PyAV-Org / PyAV

Pythonic bindings for FFmpeg's libraries.
https://pyav.basswood-io.com/
BSD 3-Clause "New" or "Revised" License
2.53k stars 366 forks source link

how to enable multithreaded decoding #232

Closed crackwitz closed 7 years ago

crackwitz commented 7 years ago

Hi!

I had previously picked up a precompiled PyAV for Windows via Anaconda (I think), which did seem to multithread the decoding (demux+decode) because I got ~150 fps on some Full HD camcorder footage. ffmpeg per default also does multithreaded decoding (ffmpeg -i foo.vid -f null - gets me ~220 fps).

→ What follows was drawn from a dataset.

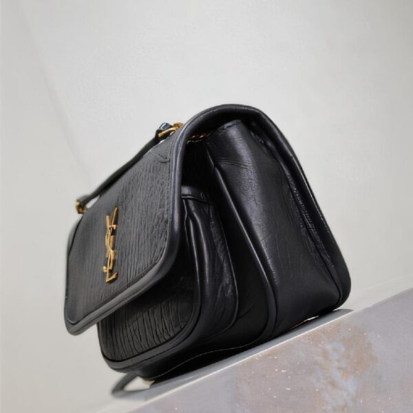 Saint Laurent Niki Baby 黑色裂纹皮革金扣链条单肩包
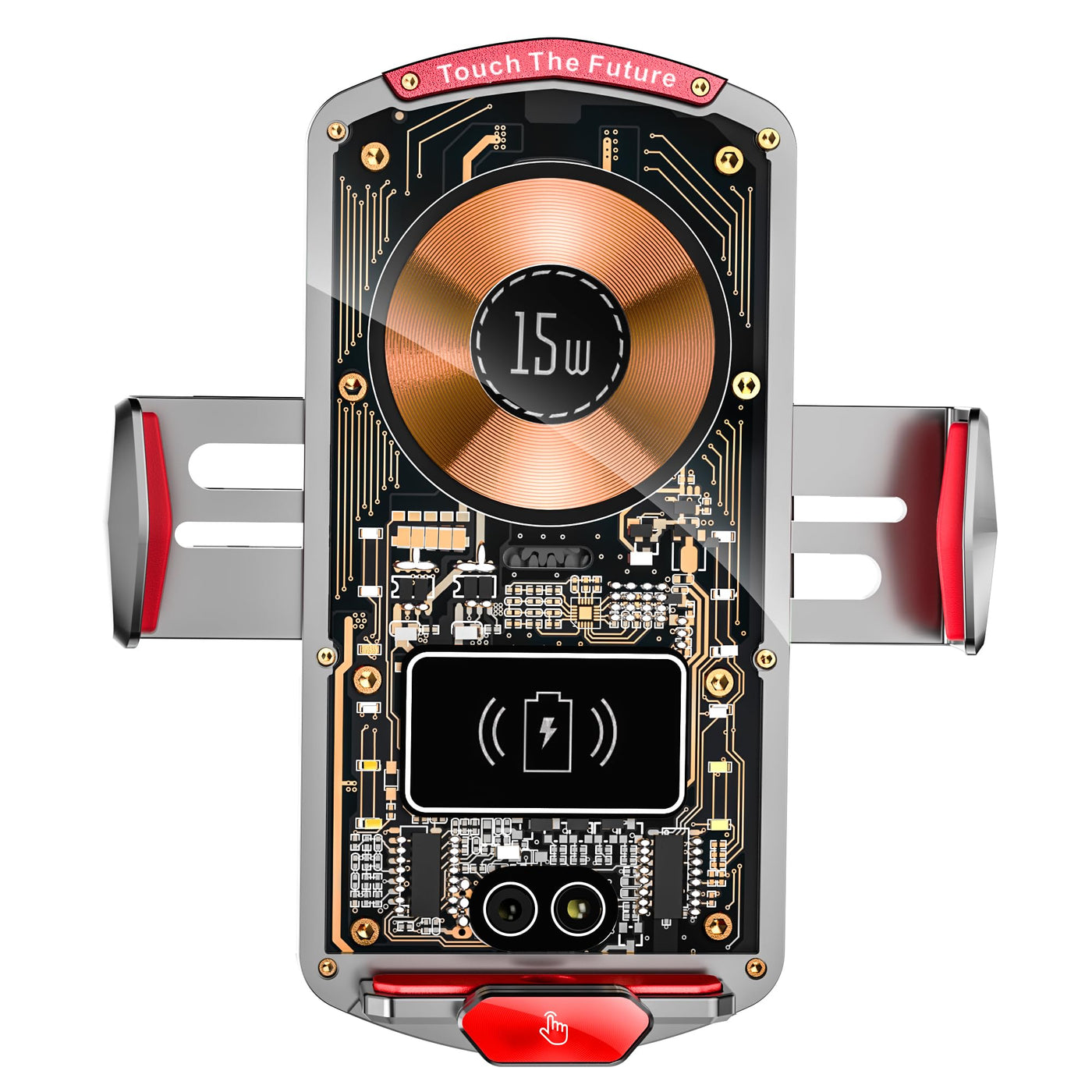 Wireless Car Charger Mount,Phone Holder,15W Fast Charging, Air Vent Clamp,Auto Clamping,360 Rotating Ball Joint,Transparent Case

However, now that I've built PyAV myself for either plain CPython 2.7 or 3.6, it seems to not decode using any threads (I get ~40-60 fps depending on what else I do in the loop). When I inspect the python process, it has a main thread only, so this isn't just using a single worker thread, but no threads at all.

What am I doing wrong? Do I need to tell PyAV something in the python script, or during build?

I've attached a build log (setup.py install), in case that helps.

build-py3.log.txt

mikeboers commented 7 years ago

I wonder if it is the change in context, or that I just did some rather substantial changes to the transcoding pipeline.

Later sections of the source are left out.